Re: [PATCH] x86/cpuid: Deal with broken firmware once more

From: Charles (Chas) Williams
Date: Wed Nov 09 2016 - 13:16:39 EST


On 11/09/2016 10:35 AM, Thomas Gleixner wrote:
Both ACPI and MP specifications require that the APIC id in the respective
tables must be the same as the APIC id in CPUID.

The kernel retrieves the physical package id from the APIC id during the
ACPI/MP table scan and builds the physical to logical package map.

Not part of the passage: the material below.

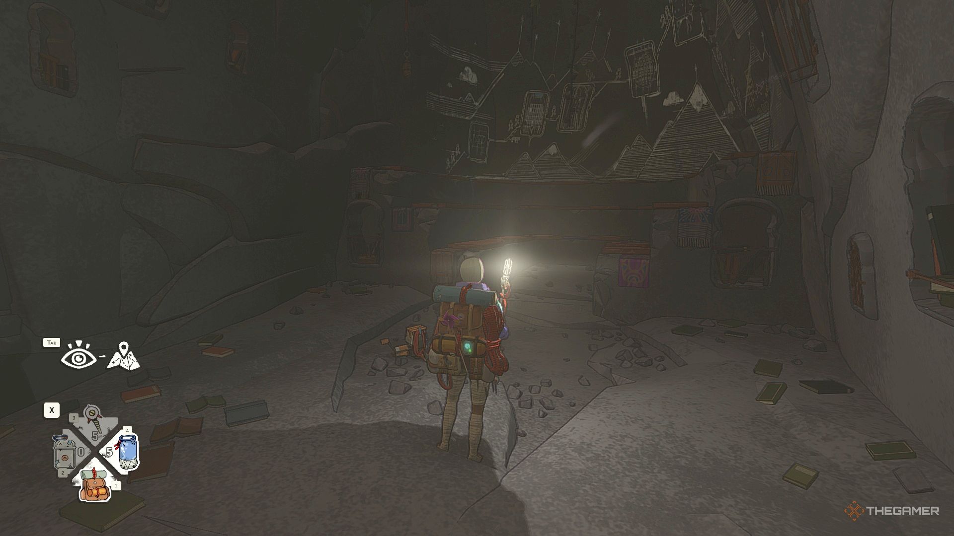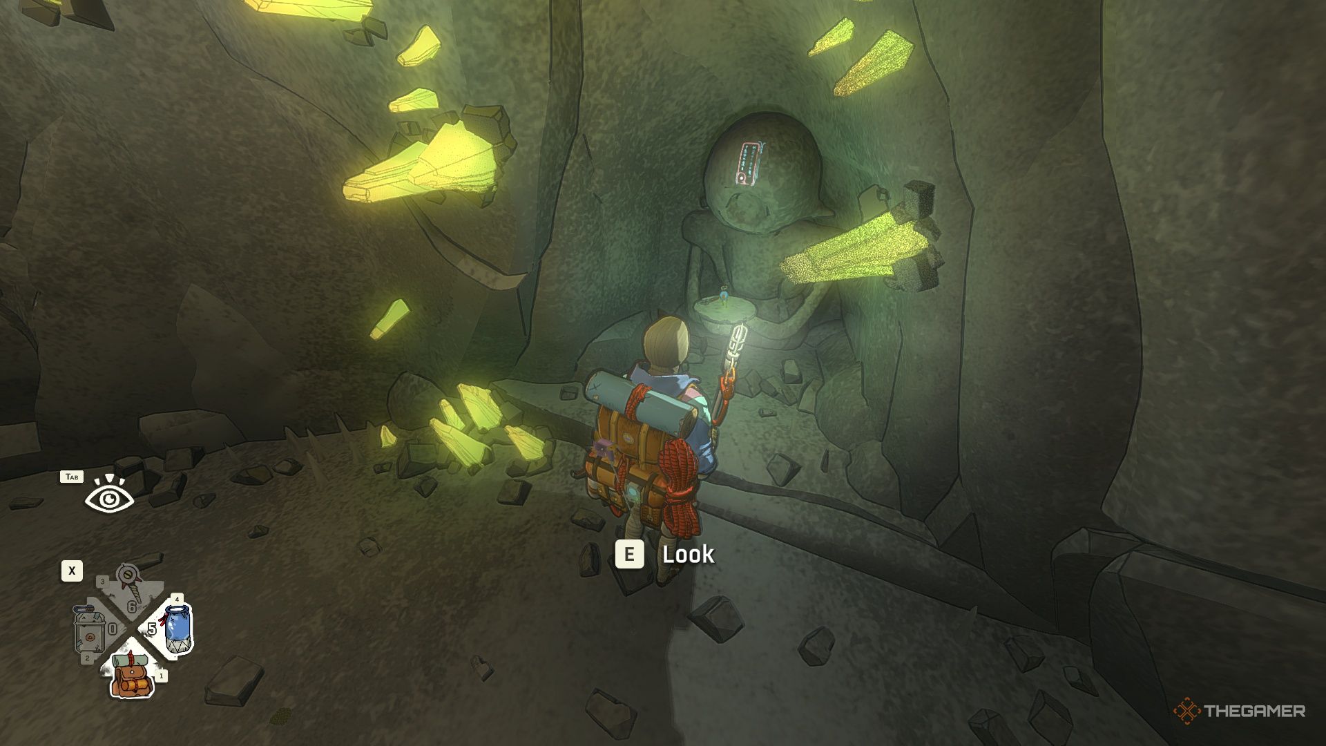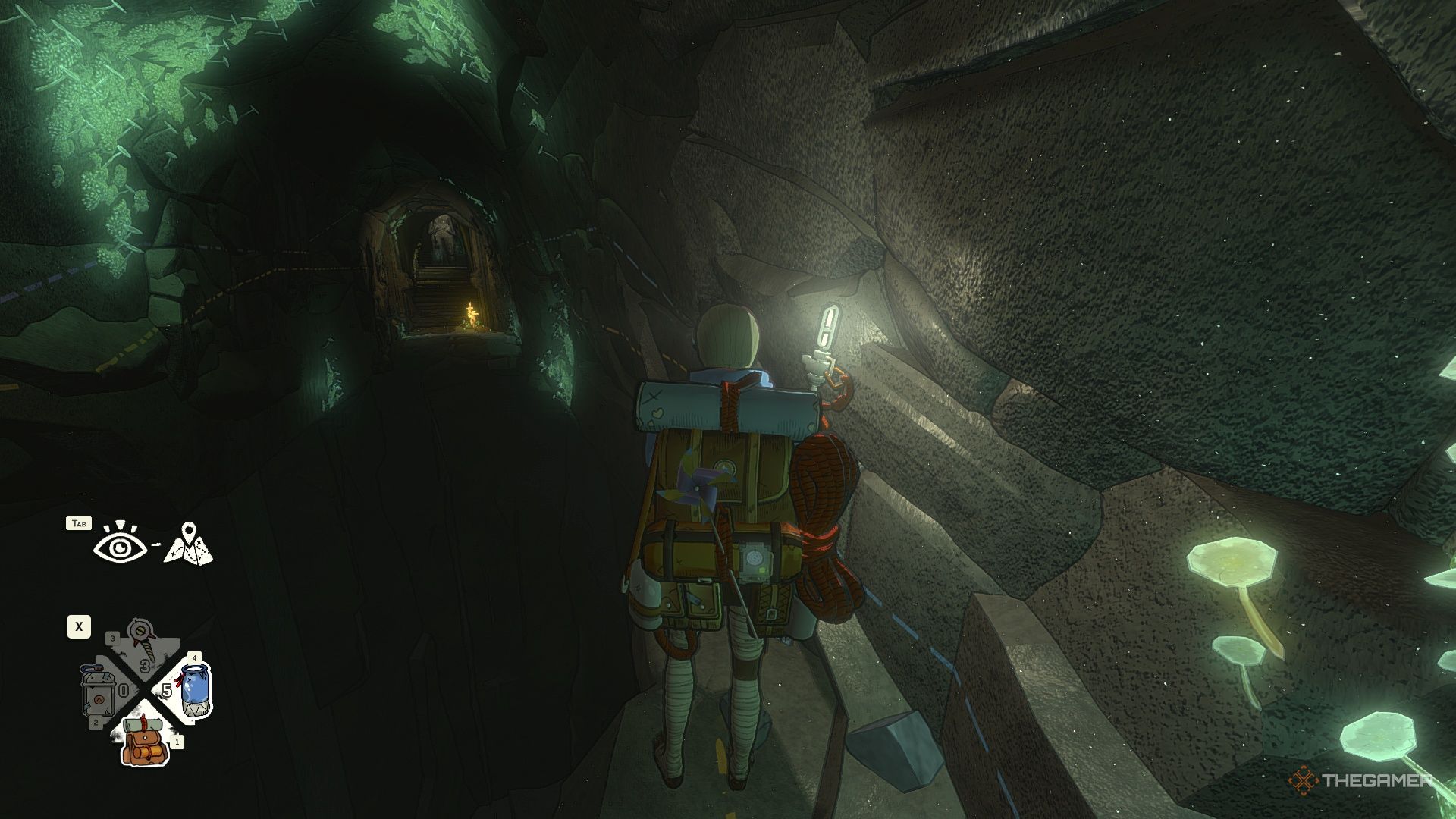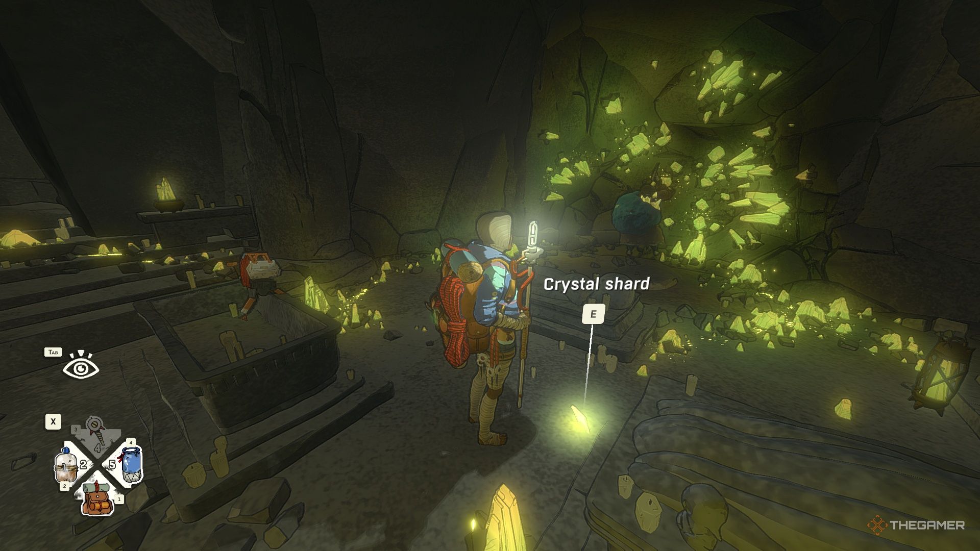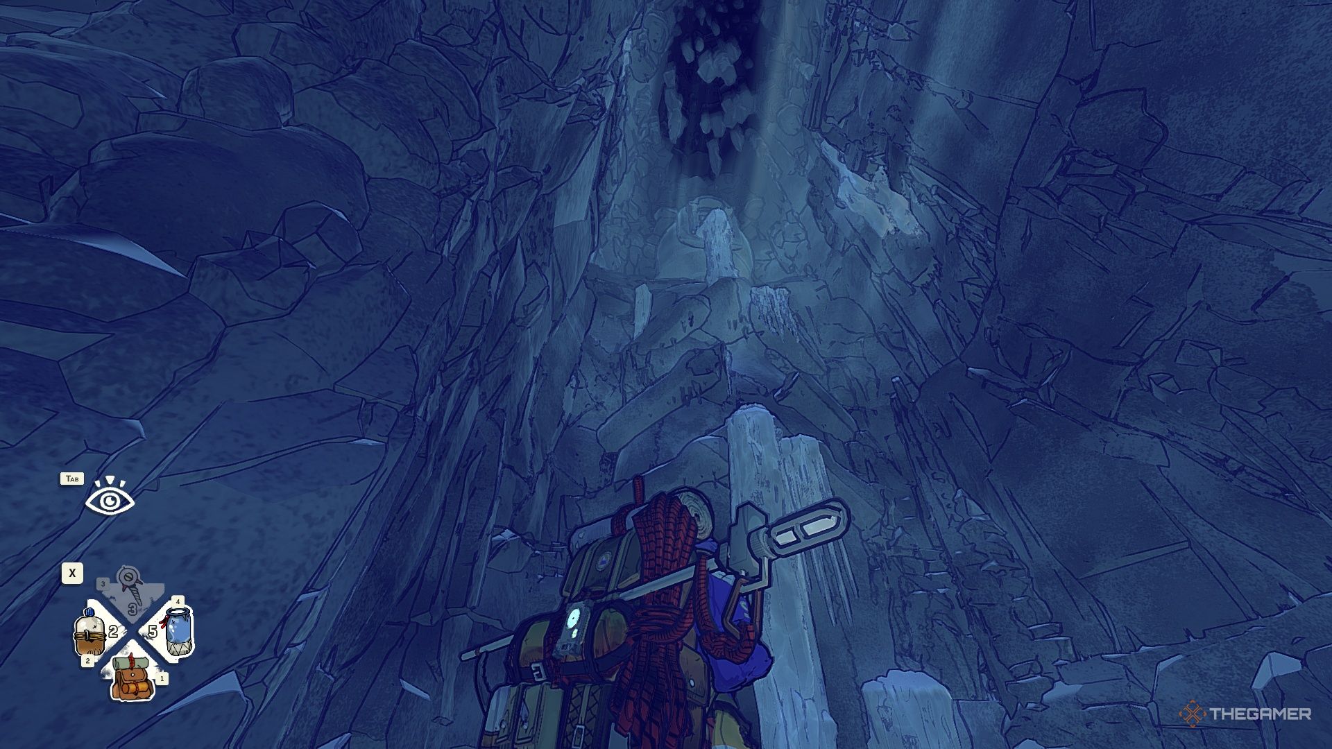 Перчатки находятся наверху. Чтобы до них добраться, вам нужно будет пролезть через отверстие в потолке. Самый простой путь наверх — найти тропу с наименьшим количеством кристаллов, преграждающих вам путь.

There exist Virtualbox and Xen implementations which violate the spec. As a
result the physical to logical package map, which relies on the ACPI/MP
tables does not work on those systems, because the CPUID initialized
physical package id does not match the firmware id. This causes system
crashes and malfunction due to invalid package mappings.

The only way to cure this is to sanitize the physical package id after the
CPUID enumeration and yell when the APIC ids are different. If the physical
package IDs differ use the package information from the ACPI/MP tables so
the existing logical package map just works.

Reported-by: "Charles (Chas) Williams" <ciwillia@xxxxxxxxxxx>,
Reported-by: M. Vefa Bicakci <m.v.b@xxxxxxxxxx>
Signed-off-by: Thomas Gleixner <tglx@xxxxxxxxxxxxx>


For 4 virtual sockets, 1 core per socket VM:

[ 0.235459] .... node #0, CPUs: #1
[ 0.238579] Disabled fast string operations
[ 0.238620] mce: CPU supports 0 MCE banks
[ 0.238864] [Firmware Bug]: CPU1: APIC id mismatch. Firmware: 1 CPUID: 2
[ 0.238878] [Firmware Bug]: CPU1: Using firmware package id 1 instead of 2
[ 0.239502] #2
[ 0.241298] Disabled fast string operations
[ 0.241356] mce: CPU supports 0 MCE banks
[ 0.241429] [Firmware Bug]: CPU2: APIC id mismatch. Firmware: 2 CPUID: 4
[ 0.241431] [Firmware Bug]: CPU2: Using firmware package id 2 instead of 4
[ 0.241631] #3
[ 0.244075] Disabled fast string operations
[ 0.244112] mce: CPU supports 0 MCE banks
[ 0.244284] [Firmware Bug]: CPU3: APIC id mismatch. Firmware: 3 CPUID: 6
[ 0.244293] [Firmware Bug]: CPU3: Using firmware package id 3 instead of 6

For a 2 virtual sockets, 2 cores per socket, VMware seems to get its
APIC table correct as this fixup code isn't triggered. The mapping looks like:

[ 0.028911] topology_update_package_map: apicid 0 pkg 0 cpu 0
[ 0.029068] smpboot: APIC(0) Converting physical 0 to logical package 0, cpu 0
[ 0.029072] topology_update_package_map: apicid 1 pkg 0 cpu 1
[ 0.029220] topology_update_package_map: apicid 2 pkg 1 cpu 2
[ 0.029376] smpboot: APIC(2) Converting physical 1 to logical package 1, cpu 2
[ 0.029381] topology_update_package_map: apicid 3 pkg 1 cpu 3
[ 0.029525] smpboot: Max logical packages: 2

For a VM with 1 virtual socket and 4 cores, the behavior is again correct.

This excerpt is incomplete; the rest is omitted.